Data for review START
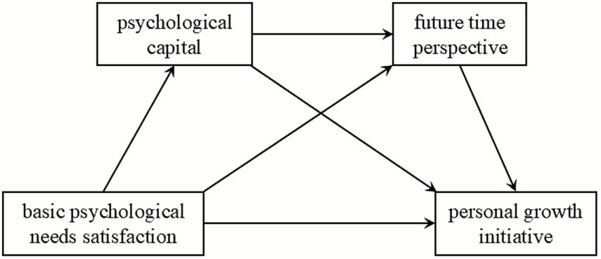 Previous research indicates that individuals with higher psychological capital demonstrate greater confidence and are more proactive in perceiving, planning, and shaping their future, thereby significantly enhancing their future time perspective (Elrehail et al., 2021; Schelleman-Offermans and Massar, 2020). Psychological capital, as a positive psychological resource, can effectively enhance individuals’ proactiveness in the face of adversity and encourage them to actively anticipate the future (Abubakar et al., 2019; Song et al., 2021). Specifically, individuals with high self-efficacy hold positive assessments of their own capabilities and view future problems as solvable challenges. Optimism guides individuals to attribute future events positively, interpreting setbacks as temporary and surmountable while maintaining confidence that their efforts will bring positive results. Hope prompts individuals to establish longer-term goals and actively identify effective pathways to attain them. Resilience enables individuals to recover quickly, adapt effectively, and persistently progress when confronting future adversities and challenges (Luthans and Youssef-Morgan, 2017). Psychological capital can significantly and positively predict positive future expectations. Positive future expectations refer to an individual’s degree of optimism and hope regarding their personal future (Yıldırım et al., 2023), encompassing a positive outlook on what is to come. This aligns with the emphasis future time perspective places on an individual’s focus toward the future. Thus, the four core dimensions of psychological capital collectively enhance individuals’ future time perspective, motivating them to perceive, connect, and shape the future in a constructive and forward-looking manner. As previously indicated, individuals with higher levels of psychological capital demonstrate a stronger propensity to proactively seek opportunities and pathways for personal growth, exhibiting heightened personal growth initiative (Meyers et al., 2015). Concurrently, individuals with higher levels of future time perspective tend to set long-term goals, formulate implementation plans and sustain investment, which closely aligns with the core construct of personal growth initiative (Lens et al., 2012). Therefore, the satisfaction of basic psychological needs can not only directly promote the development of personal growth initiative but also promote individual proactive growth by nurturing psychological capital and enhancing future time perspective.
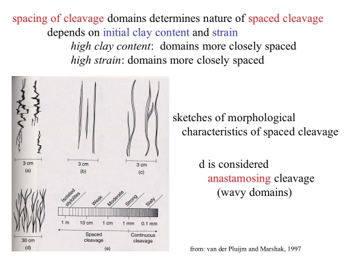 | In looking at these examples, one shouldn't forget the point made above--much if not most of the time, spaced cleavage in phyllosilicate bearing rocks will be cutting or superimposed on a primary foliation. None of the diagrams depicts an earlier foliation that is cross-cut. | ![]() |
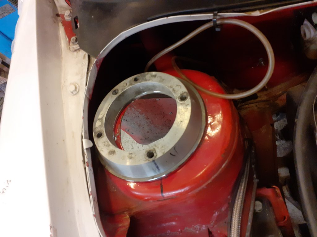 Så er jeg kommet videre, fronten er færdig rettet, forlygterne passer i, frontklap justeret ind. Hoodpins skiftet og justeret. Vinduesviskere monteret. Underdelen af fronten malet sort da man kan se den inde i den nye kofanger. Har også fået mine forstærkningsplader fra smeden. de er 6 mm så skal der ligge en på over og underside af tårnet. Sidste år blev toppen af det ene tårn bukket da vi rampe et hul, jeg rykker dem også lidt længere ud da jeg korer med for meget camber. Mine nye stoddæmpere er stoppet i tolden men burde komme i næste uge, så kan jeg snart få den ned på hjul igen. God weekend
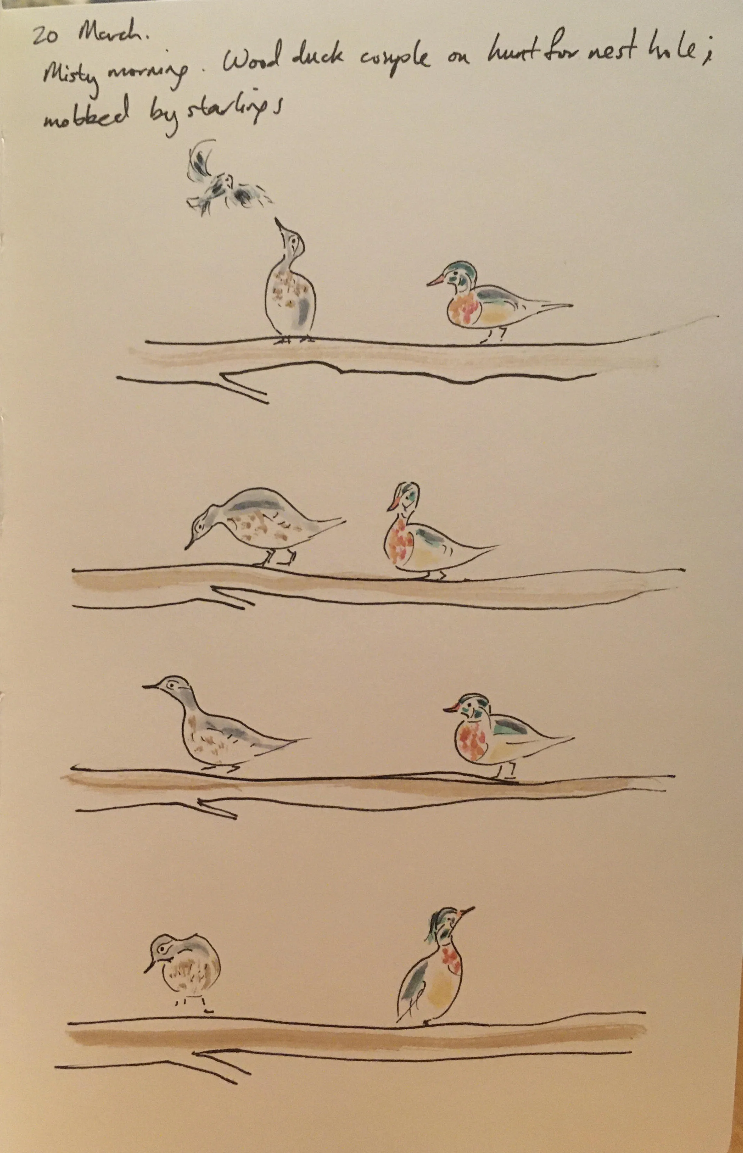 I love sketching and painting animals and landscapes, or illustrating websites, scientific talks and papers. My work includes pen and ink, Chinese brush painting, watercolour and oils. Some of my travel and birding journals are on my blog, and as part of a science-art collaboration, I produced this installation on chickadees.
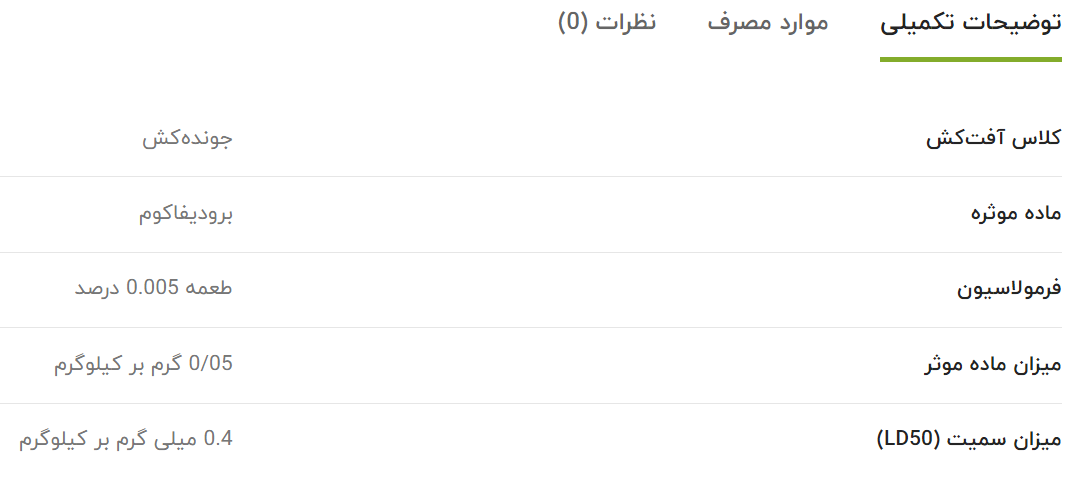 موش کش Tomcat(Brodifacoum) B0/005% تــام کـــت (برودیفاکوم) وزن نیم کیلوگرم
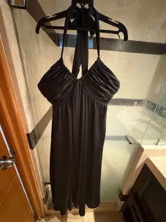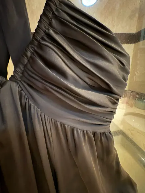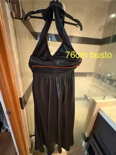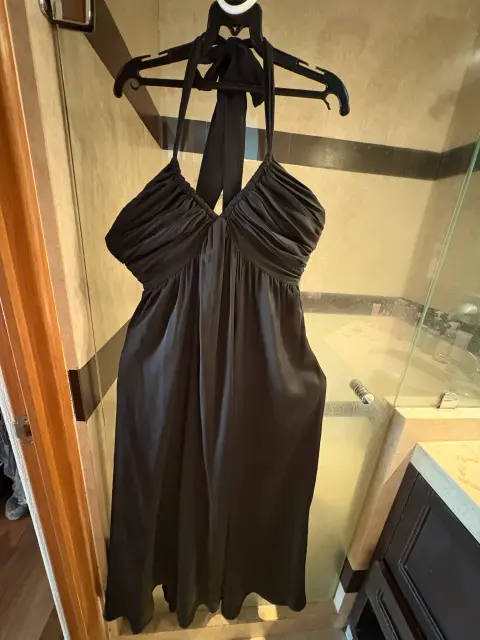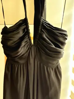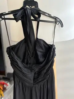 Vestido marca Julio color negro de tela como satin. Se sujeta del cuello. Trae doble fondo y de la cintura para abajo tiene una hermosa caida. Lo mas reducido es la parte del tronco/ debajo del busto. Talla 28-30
Data for review END
* Your instructions
Set every line of the records down again exactly, and exclude all pictures.

* Exercise output
 Previous research indicates that individuals with higher psychological capital demonstrate greater confidence and are more proactive in perceiving, planning, and shaping their future, thereby significantly enhancing their future time perspective (Elrehail et al., 2021; Schelleman-Offermans and Massar, 2020). Psychological capital, as a positive psychological resource, can effectively enhance individuals’ proactiveness in the face of adversity and encourage them to actively anticipate the future (Abubakar et al., 2019; Song et al., 2021). Specifically, individuals with high self-efficacy hold positive assessments of their own capabilities and view future problems as solvable challenges. Optimism guides individuals to attribute future events positively, interpreting setbacks as temporary and surmountable while maintaining confidence that their efforts will bring positive results. Hope prompts individuals to establish longer-term goals and actively identify effective pathways to attain them. Resilience enables individuals to recover quickly, adapt effectively, and persistently progress when confronting future adversities and challenges (Luthans and Youssef-Morgan, 2017). Psychological capital can significantly and positively predict positive future expectations. Positive future expectations refer to an individual’s degree of optimism and hope regarding their personal future (Yıldırım et al., 2023), encompassing a positive outlook on what is to come. This aligns with the emphasis future time perspective places on an individual’s focus toward the future. Thus, the four core dimensions of psychological capital collectively enhance individuals’ future time perspective, motivating them to perceive, connect, and shape the future in a constructive and forward-looking manner. As previously indicated, individuals with higher levels of psychological capital demonstrate a stronger propensity to proactively seek opportunities and pathways for personal growth, exhibiting heightened personal growth initiative (Meyers et al., 2015). Concurrently, individuals with higher levels of future time perspective tend to set long-term goals, formulate implementation plans and sustain investment, which closely aligns with the core construct of personal growth initiative (Lens et al., 2012). Therefore, the satisfaction of basic psychological needs can not only directly promote the development of personal growth initiative but also promote individual proactive growth by nurturing psychological capital and enhancing future time perspective.
 | In looking at these examples, one shouldn't forget the point made above--much if not most of the time, spaced cleavage in phyllosilicate bearing rocks will be cutting or superimposed on a primary foliation. None of the diagrams depicts an earlier foliation that is cross-cut. | ![]() |
 Så er jeg kommet videre, fronten er færdig rettet, forlygterne passer i, frontklap justeret ind. Hoodpins skiftet og justeret. Vinduesviskere monteret. Underdelen af fronten malet sort da man kan se den inde i den nye kofanger. Har også fået mine forstærkningsplader fra smeden. de er 6 mm så skal der ligge en på over og underside af tårnet. Sidste år blev toppen af det ene tårn bukket da vi rampe et hul, jeg rykker dem også lidt længere ud da jeg korer med for meget camber. Mine nye stoddæmpere er stoppet i tolden men burde komme i næste uge, så kan jeg snart få den ned på hjul igen. God weekend
 I love sketching and painting animals and landscapes, or illustrating websites, scientific talks and papers. My work includes pen and ink, Chinese brush painting, watercolour and oils. Some of my travel and birding journals are on my blog, and as part of a science-art collaboration, I produced this installation on chickadees.
 موش کش Tomcat(Brodifacoum) B0/005% تــام کـــت (برودیفاکوم) وزن نیم کیلوگرم
 Vestido marca Julio color negro de tela como satin. Se sujeta del cuello. Trae doble fondo y de la cintura para abajo tiene una hermosa caida. Lo mas reducido es la parte del tronco/ debajo del busto. Talla 28-30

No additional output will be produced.